Women in the IDF are combat instructors – in tanks, artillery and machine guns. IDF combat instructors are exclusively teachers.  They do not join combat arms units and do not have direct combat experience. Other Western nations (Canada, Australia, UK and US) had prohibited women from becoming combat instructors because becoming an instructor required having the associated “combat” experience. 

The women are fighting gender stereotypes, yet determined to serve their country as equals.

Traditional gender roles still play strongly in the IDF. While the men must prove themselves by entering the most challenging and disciplined combat units, some men (and women) assume that young women are in the IDF simply to “find a man”. Once young women have a boyfriend, other soldiers often ascribe her boyfriend’s status to her:  “If your boyfriend is kravi  (in a combat unit) . . . you are judged on your boyfriend’s status in the army more than your own”.  Simultaneously, men appeared less interested in dating a woman in combat arms:   “I don’t think many men want a girlfriend who’s a pilot . . . they’d get very threatened by . . . a combat girl”. According to Klein,  “female soldiers in Israel (as elsewhere) could never obtain a high prestige. Status in the IDF is determined by the proximity to combat”.

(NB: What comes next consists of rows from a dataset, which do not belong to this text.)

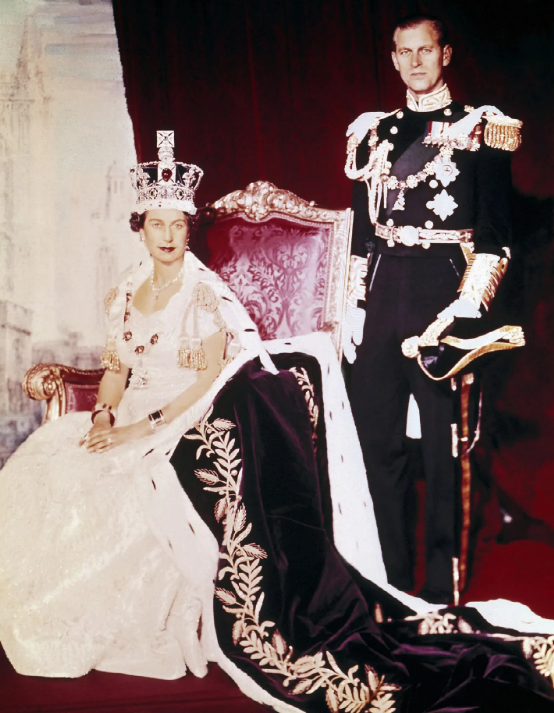 1953年6月,伊丽莎白公主在菲利普的陪同下在西敏寺加冕成为女王伊丽莎白二世,当时女王的加冕典礼也是全球首个电视转播盛会。同年,伊丽莎白女王还封菲利普为皇家海军元帅、英国陆军元帅和空军元帅,但直到1957年才获女王封亲王称号。
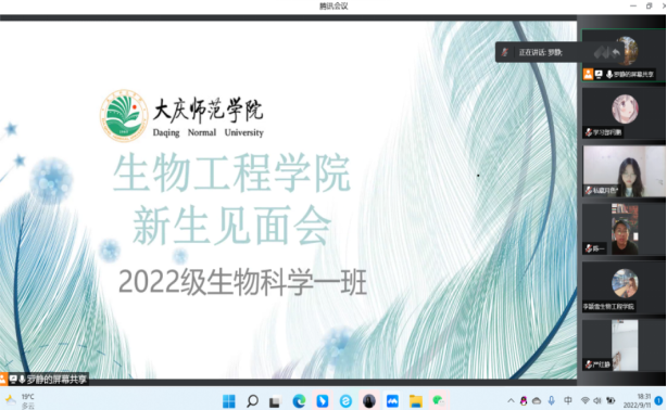 近期省内外疫情形势严峻复杂,2022级本科新生还未能线下报到。为进一步畅通公司与新生之间的沟通渠道,更好帮助新生知晓入学前相关安排,引导新生提前了解、融入老员工活,更快、更好地完成由高中生到老员工角色的转变,公司于2022年9月11日18时30分通过线上腾讯会议的形式召开新生班级见面会。本次会议由班导生作为主讲人,公司团总支负责人苏斯朗杰老师、2022级辅导员李颖雪老师、新生班主任老师出席了各班会议,参与人员为2022级生物科学、生物技术以及生物制药专业全体新生。
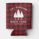 Personaliza tu casa de vacaciones rural con hermosos refrigeradores de bebidas de temática rústica, con tu nombre y "Cabina Familiar", Rancho, Alquiler u otro texto junto con su fecha y ubicación establecida si lo deseas. Este diseño personalizado y único presenta encantadores textos rústicos de estilo rústico con una silueta blanca de pinos sobre una clásica estampada de búfalo rojo. Perfecto para las vacaciones de sus navidades o en cualquier época del año. Para ver más diseños como este, por favor visite mi tienda aquí en "Zazzle.com/Store/Rustic_Charm". ¡Gracias.
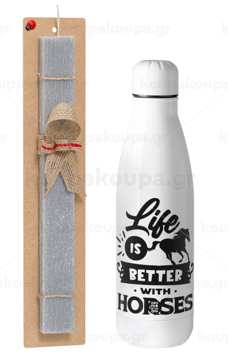 Life is Better with a Horses, Easter Set, metallic stainless thermos bottle (500ml) & scented flat Easter candle (30cm) (GRAY)
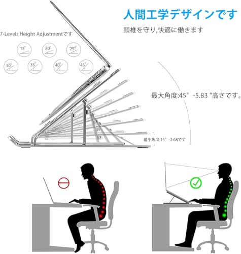 【最新人間工学設計】本パソコンスタンドは7段階高さ調整ができ、高さを5~15.5cmまで調節できて、台座の傾斜角度も0~40°まで変えられますので、お好みの高さに合わせることで、猫背を防ぎ長時間のデスクワークでも体への負担を低減します。最適な姿勢を整えて、首、肩、背中などへの負担が軽減されています。

Discussions with IDF leadership confirmed this belief. The Caracal Battalion commander experienced persistent challenges in recruiting men to the battalion, which should consist of fifty percent women and fifty percent men. However, men did not want to fight in a unit with women. The commander tried to entice men to join by targeting men with a lower physical profile. A profile of 82-97 is required for men to join the infantry, but the Caracal accepted men with a profile as low as 72. Nevertheless, the Caracal Battalion consisted of seventy percent women and thirty percent men. 

We learned so much on our trip to Israel. We had gone in hopes of better understanding women’s integration into ground combat positions. As happened so often over the next two years, we discovered the physical requirements and associated challenges were actually gender neutral. Everyone has to carry the same weight to gain the same level of respect. We overlooked (or perhaps simply took for granted) the importance of good leadership.

The greater challenge lay in the cultural and social norms. Men expected to enter ground combat positions to “be men” or prove their masculinity. They expected to be in units without women. They associated strength and toughness with masculinity, weakness and vulnerability with femininity. Overcoming this perception was the real challenge before leadership. As one senior Marine leader put it, “Gender integration has nothing to do with the women and everything to do with the men.”